After locating that gun, Martin asked Watson if there were any more guns in the car. Watson, who did not know of the discovery of the second handgun, told Martin that there were and that he would show Martin where the other gun was. Martin told him that he already had located the twenty-five mm. gun. Both Watson and his passenger were arrested.

The district court determined after hearing this testimony that there was no constitutional violation in connection with the stop, search, seizure, and arrest. We agree. Because a routine traffic stop is in the nature of an investigative detention, rather than a custodial arrest, courts use the analysis of Terry v. Ohio, 392 U.S. 1 (1968), to determine whether such a stop violates the Fourth Amendment. United States v. Rusher, 966 F.2d at 875.

Under Terry, a police officer may stop and briefly detain a person for investigative purposes if the officer has a reasonable suspicion, based on articulable facts, that criminal activity is afoot. Terry v. Ohio, 392 F.2d at 30; see United States v. Crittendon, 883 F.2d 326, 328 (4th Cir. 1989). Factors to be considered when determining whether a stop violated the Fourth Amendment include: an area's propensity toward crime; the lateness of the hour the questionable activity is observed; any suspicious behavior of the suspect; and the practical experience of officers involved in the stop. United States v. Lender, 985 F.2d 151, 154 (4th Cir. 1993).
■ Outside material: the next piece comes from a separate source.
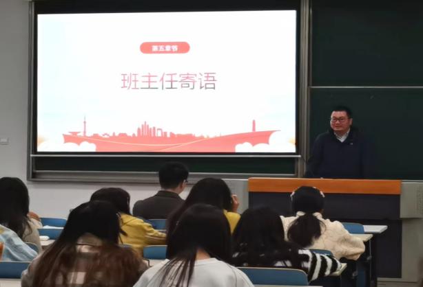 班主任寄语环节,孙清白带领大家回顾了过往一年中学习生活的片段,勉励大家在深入学习互动中收获成长与感悟,表达了对同学们德智体美劳全面发展和共同建设团结班级的美好期许。熊敬鼓励大家将新时代青年的担当与党的使命结合,将自身所学专长专业与社会发展进程结合。最后,他鼓励师生加强交流,共同塑造良好班级氛围。

In this case, Martin was presented with sufficient, articulable facts to give rise to a reasonable suspicion that criminal activity might be afoot. A week prior to the arrest, he was told of suspected drug dealing at the trailer. He subsequently observed activity consistent with drug dealing (many different vehicles parked at the trailer late at night and in the early morning). On January 12, a different citizen lodged a formal complaint about drug transactions at the trailer. Further, the driver of the car, who must have known he was being followed by a police car, leaned over as if he were hiding something under the car seat. These facts, considered together, justified the initial stop. See United States v. Crittendon, 883 F.2d at 328.

Under the plain view doctrine, Martin's seizure of the handgun which he saw through the car's windshield did not violate the Fourth Amendment. See Horton v. California, 496 U.S. 128, 136-37 (1990). Weaver v.